■ TRY IT: When you reach a picture, pass over it; otherwise repeat the listing word for word.

*** Opening of DATASET SECTION ***

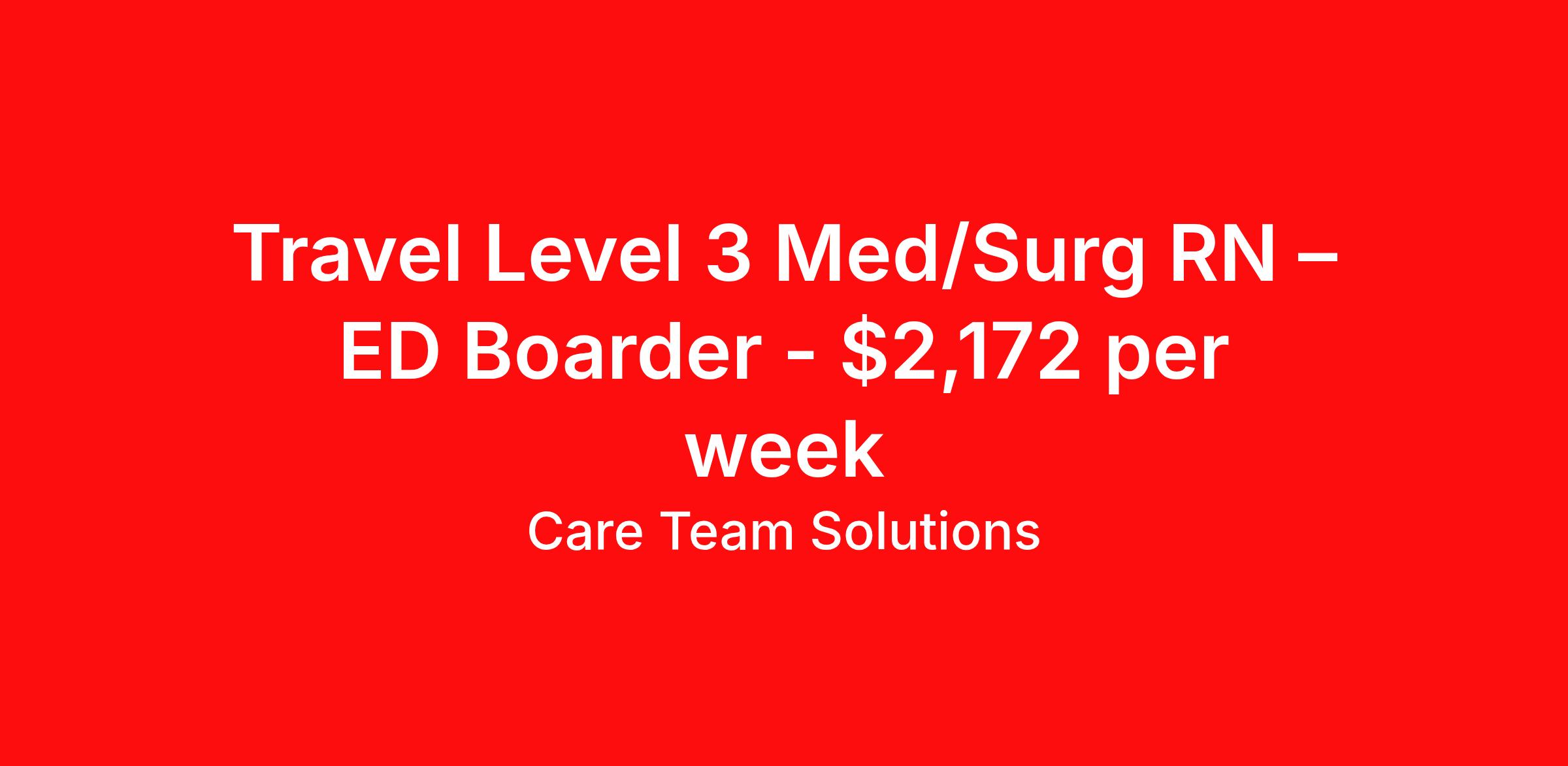 Care Team Solutions is seeking a travel nurse RN ED - Emergency Department Med Surg for a travel nursing job in Rochester, New York. Job Description & Requirements Specialty: ED - Emergency Department Discipline: RN Start Date: 04/13/2026 Duration: 13 weeks 36 hours per week Shift: 12 hours Employment Type: Travel Registered Nurse must have 2 years of recent experience in particular specialty Details: Must Have 2 Years of recent Emergency Room experience. Specialty: Emergency Room Discipline: Registered Nurse Start Date: 2026-04-13 Duration: 13 Weeks Shift: 12 Hours Day shift Hours Per Week: 36 Hours Employment Type: Contract Gross Weekly Pay: $2171.51 Six things that won’t happen if you apply to this job: You won’t have to guess what the downsides are. We’ll tell you up front. You won’t show up on day 1 and find out this is not what you signed up for. We won't leave your phone call ringing when it's inconvenient. Business hours for you are business hours for us. You won’t get shuffled to some customer service rep when a problem pops up. If we screw up something in securing your placement, we'll own it. That means it's on us to make it right. You won’t figure out your credentials alone. Our credentialing experts will walk you through it step by step. We've talked to thousands of travel nurses like you. We know you want good pay. You want to choose when you work. But the one thing nurse after nurse has said they want and don't have is someone in their corner. There's a lot in this business that’s messed up. We’re trying to be the people that fix it. You and every nurse with the guts to travel deserve it. We've worked hard for you to enjoy some one-of-a-kind benefits you'll not likely find anywhere else, because they benefit you more than they benefit us: Our early pay program Student loan reimbursement Free well-being tele-visits with a psychologist Care Team Solutions Job ID 587256. Pay package is based on 12 hour shifts and 36 hours per week (subject to confirmation) with tax-free stipend amount to be determined. Posted job title: SMH Level 3 RN Med/Surg - ED Boarder About Care Team Solutions Two brothers who give an enormous damn. We're Justin and Kyle. Neither of us are nurses. It doesn’t take a nurse to see that the way travel nurses are treated sucks. Nursing is already hard enough. Travel nursing takes serious guts. You get the toughest assignments in places you’ve never been. Which can be fun, but it’s also stressful. You’re in your element but outside of your hometown. You can be a stranger on the team. If anyone deserves someone in their corner, it’s you. But that’s not how most agencies operate. Which is why travel nurses hate working with them. We got into this business because we saw bucket-loads of nurses moving through the "churn and burn" travel machinery. We absolutely hate that. You'll do your best work when you have the placements you want and feel fully supported in your work. We pay our people well because we want them to treat you well. Our recruiters are amazing (we picked each of them ourselves), but if you've got a problem too big for them, they can come straight to us. We work like ten feet away. The "Churners and Burners" promise you the same benefits. They might as well copy/paste them from each other. We have them too: 401k, holiday pay, healthcare, dental, travel reimbursement, etc But we've worked hard for you to enjoy some one-of-a-kind benefits you'll not likely find anywhere else, because they benefit you more than they benefit us: Our early pay program Student loan reimbursement Free well-being tele-visits with a psychologist Benefits Weekly pay Holiday Pay Guaranteed Hours 401k retirement plan Wellness and fitness programs Referral bonus Medical benefits Dental benefits Vision benefits School loan reimbursement
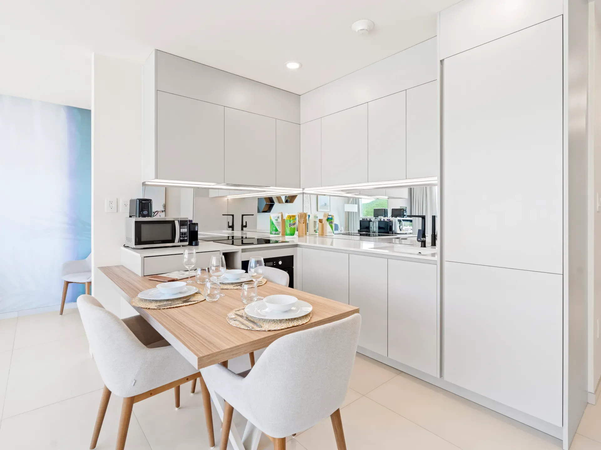 The modern, fully-equipped kitchen invites you to prepare delicious meals that you can savor while facing the splendid Simpson Bay lagoon.
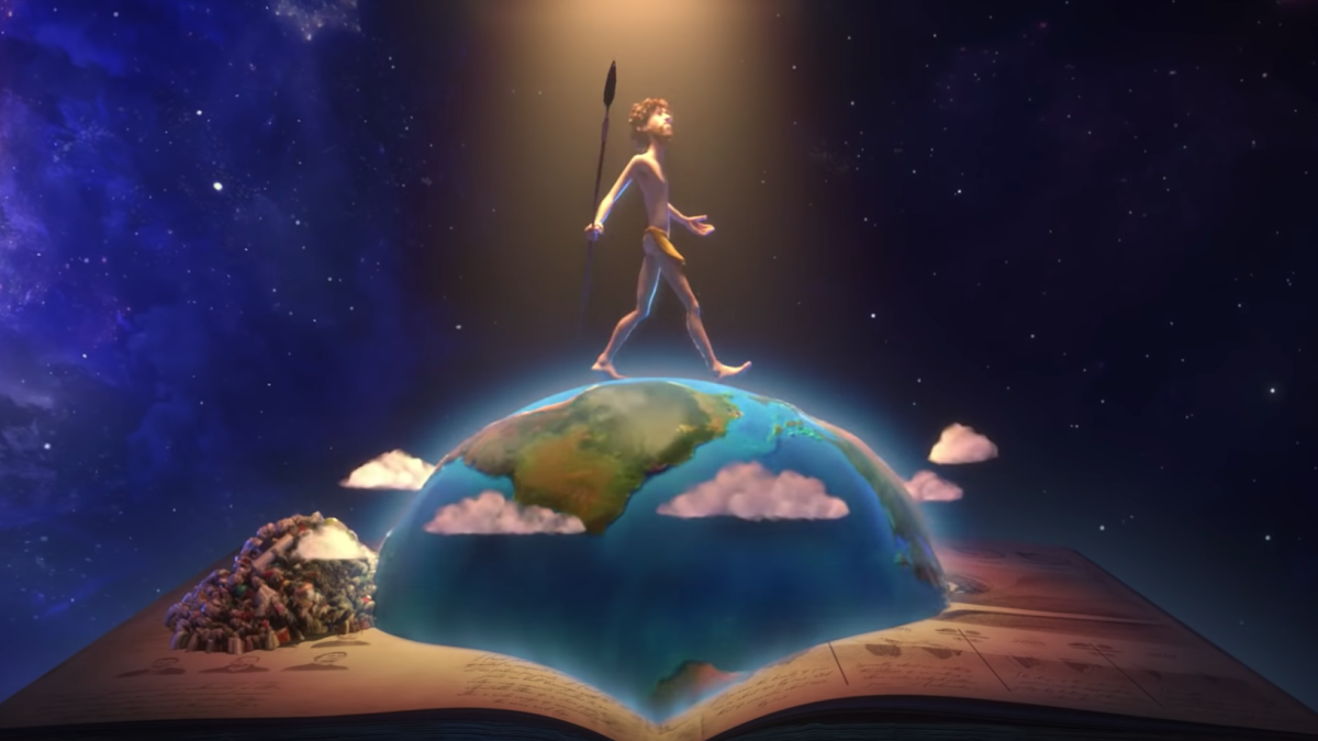 The video then takes a somewhat unexpected turn, as caveman-Dicky starts touring the modern world’s countries and continents, injecting some sociopolitical commentary on top of the Earth Day stuff:

*** Close of DATASET SECTION ***

■ FINAL ANSWER:
 Care Team Solutions is seeking a travel nurse RN ED - Emergency Department Med Surg for a travel nursing job in Rochester, New York. Job Description & Requirements Specialty: ED - Emergency Department Discipline: RN Start Date: 04/13/2026 Duration: 13 weeks 36 hours per week Shift: 12 hours Employment Type: Travel Registered Nurse must have 2 years of recent experience in particular specialty Details: Must Have 2 Years of recent Emergency Room experience. Specialty: Emergency Room Discipline: Registered Nurse Start Date: 2026-04-13 Duration: 13 Weeks Shift: 12 Hours Day shift Hours Per Week: 36 Hours Employment Type: Contract Gross Weekly Pay: $2171.51 Six things that won’t happen if you apply to this job: You won’t have to guess what the downsides are. We’ll tell you up front. You won’t show up on day 1 and find out this is not what you signed up for. We won't leave your phone call ringing when it's inconvenient. Business hours for you are business hours for us. You won’t get shuffled to some customer service rep when a problem pops up. If we screw up something in securing your placement, we'll own it. That means it's on us to make it right. You won’t figure out your credentials alone. Our credentialing experts will walk you through it step by step. We've talked to thousands of travel nurses like you. We know you want good pay. You want to choose when you work. But the one thing nurse after nurse has said they want and don't have is someone in their corner. There's a lot in this business that’s messed up. We’re trying to be the people that fix it. You and every nurse with the guts to travel deserve it. We've worked hard for you to enjoy some one-of-a-kind benefits you'll not likely find anywhere else, because they benefit you more than they benefit us: Our early pay program Student loan reimbursement Free well-being tele-visits with a psychologist Care Team Solutions Job ID 587256. Pay package is based on 12 hour shifts and 36 hours per week (subject to confirmation) with tax-free stipend amount to be determined. Posted job title: SMH Level 3 RN Med/Surg - ED Boarder About Care Team Solutions Two brothers who give an enormous damn. We're Justin and Kyle. Neither of us are nurses. It doesn’t take a nurse to see that the way travel nurses are treated sucks. Nursing is already hard enough. Travel nursing takes serious guts. You get the toughest assignments in places you’ve never been. Which can be fun, but it’s also stressful. You’re in your element but outside of your hometown. You can be a stranger on the team. If anyone deserves someone in their corner, it’s you. But that’s not how most agencies operate. Which is why travel nurses hate working with them. We got into this business because we saw bucket-loads of nurses moving through the "churn and burn" travel machinery. We absolutely hate that. You'll do your best work when you have the placements you want and feel fully supported in your work. We pay our people well because we want them to treat you well. Our recruiters are amazing (we picked each of them ourselves), but if you've got a problem too big for them, they can come straight to us. We work like ten feet away. The "Churners and Burners" promise you the same benefits. They might as well copy/paste them from each other. We have them too: 401k, holiday pay, healthcare, dental, travel reimbursement, etc But we've worked hard for you to enjoy some one-of-a-kind benefits you'll not likely find anywhere else, because they benefit you more than they benefit us: Our early pay program Student loan reimbursement Free well-being tele-visits with a psychologist Benefits Weekly pay Holiday Pay Guaranteed Hours 401k retirement plan Wellness and fitness programs Referral bonus Medical benefits Dental benefits Vision benefits School loan reimbursement
 The modern, fully-equipped kitchen invites you to prepare delicious meals that you can savor while facing the splendid Simpson Bay lagoon.
 The video then takes a somewhat unexpected turn, as caveman-Dicky starts touring the modern world’s countries and continents, injecting some sociopolitical commentary on top of the Earth Day stuff:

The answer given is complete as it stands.